Cedarhurst was built in 1857 by Dr. Charles Bonner (1814-1878), a medical doctor born in Ireland who settled in Holly Springs in 1845. Dr. Bonner married into a wealthy family, and constructed this grand Gothic Revival home in 1857. During the Civil War, Bonner opened a hospital for the Confederate wounded near his home. After the end of the Civil War, the Bonner House was used as the headquarters of General Edward O. C. Ord, the Commander of the Fourth Military District, which included all of Mississippi, during the Federal post-war occupation of the South. During Reconstruction, a garrison of 200 Federal troops were stationed in Holly Springs near this house. Dr. Bonner lived in this house until 1878, when he tragically died, along with his son Sam, during the Yellow Fever Epidemic.
Dr. Bonner’s daughter was Katherine Sherwood Bonner (1849-1883), an author and early feminist figure. Sherwood Bonner grew up in this house, and in 1871 she married Edward McDowell and had one daughter, named Lillian. Bonner became unhappy in her marriage, and- in a rare move for the time- left her husband and daughter in 1873 and moved to Boston, Massachusetts. Soon Bonner came under the tutelage of famous writer Henry Wadsworth Longfellow, who encouraged Bonner to write several “Southern dialect” stories, including her only novel “Like Unto Like” (1878). In 1878, during the Yellow Fever Epidemic, Sherwood Bonner returned to Holly Springs, saving her daughter from the disease and nursing her father and brother before their death. Bonner survived the Yellow Fever, but was diagnosed with breast cancer and died in Holly Springs in 1883.
The Bonner House was inherited by Sherwood Bonner’s daughter, Lillian, and in 1901 the home was sold to William A. Belk (1860-1919), who renamed the house “Cedarhurst”. After William Belk’s death, his son Fred Belk Sr. (1898-1955) lived in the home with his wife Leta E. Belk. Their son, Fred Belk Jr. (1937-2012) became the third generation of Belks to reside in the house. Fred Belk Jr.’s widow Linda Belk continues to live in the house today. The Belk family has resided in Cedarhurst for 115 years, longer than any other current family in Holly Springs has lived in a single home (the Francisco family has owned McCarroll Place for longer, but they do not currently live in that house). As of 2016, the house is for sale, and the next owners will only be the third family to live in the house in 160 years.
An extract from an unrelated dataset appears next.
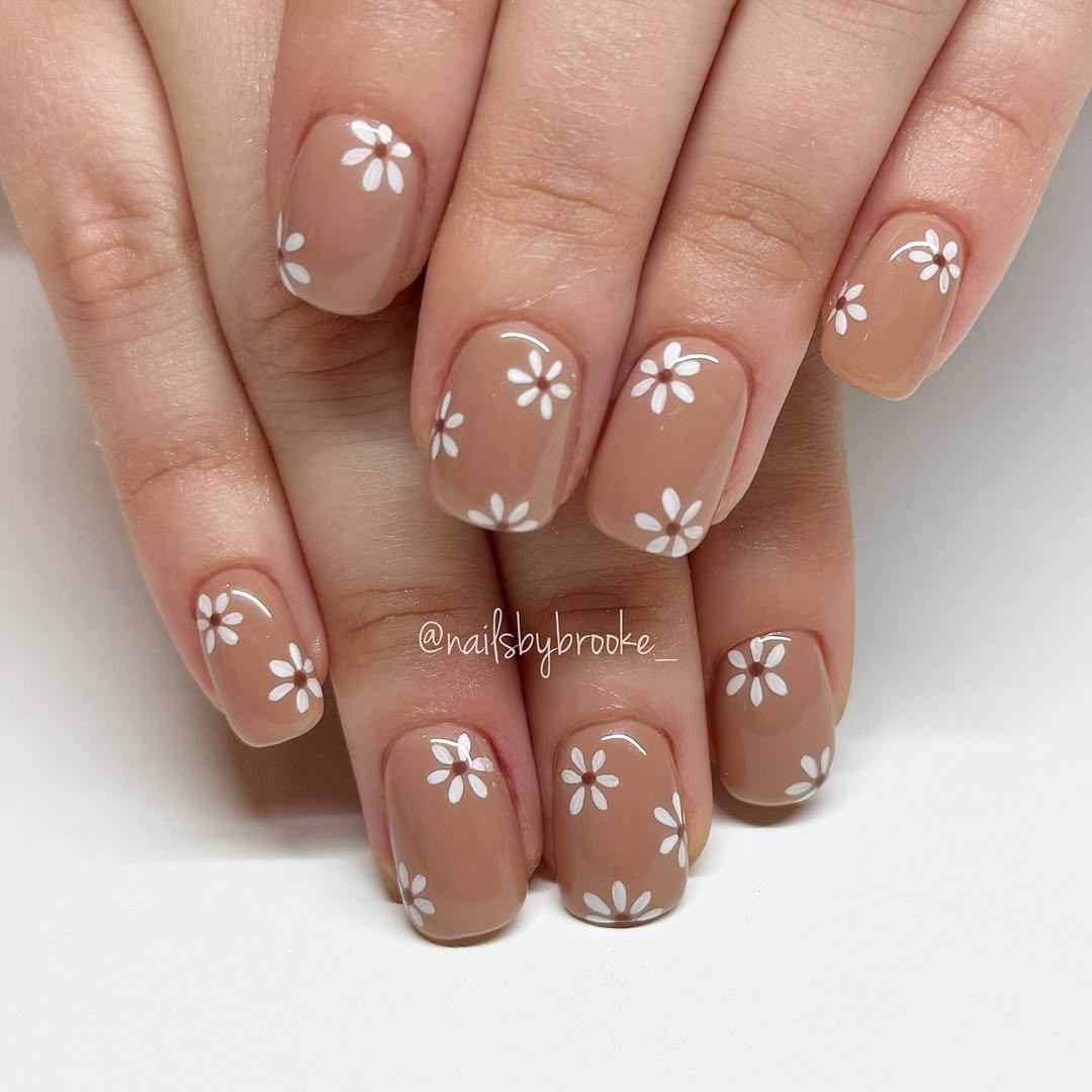 The flowers are crisp and evenly spaced, giving a sense of polish (pun intended) while staying fun and breezy. The short, rounded square shape is practical but still trendy, and the soft brown nude base keeps things grown-up.

Cedarhurst is a Gothic Revival two-story flanking-gable brick home, with three steeply-pitched gables with decorative boards, pendants and finials. There are Tudor windows with brick hood molds and a three-bay porch with Tudor-arch openings. The entire porch and balustrade is constructed out of cast iron made at the local Jones-McIIwain Foundry, and contains numerous ornate Gothic motifs.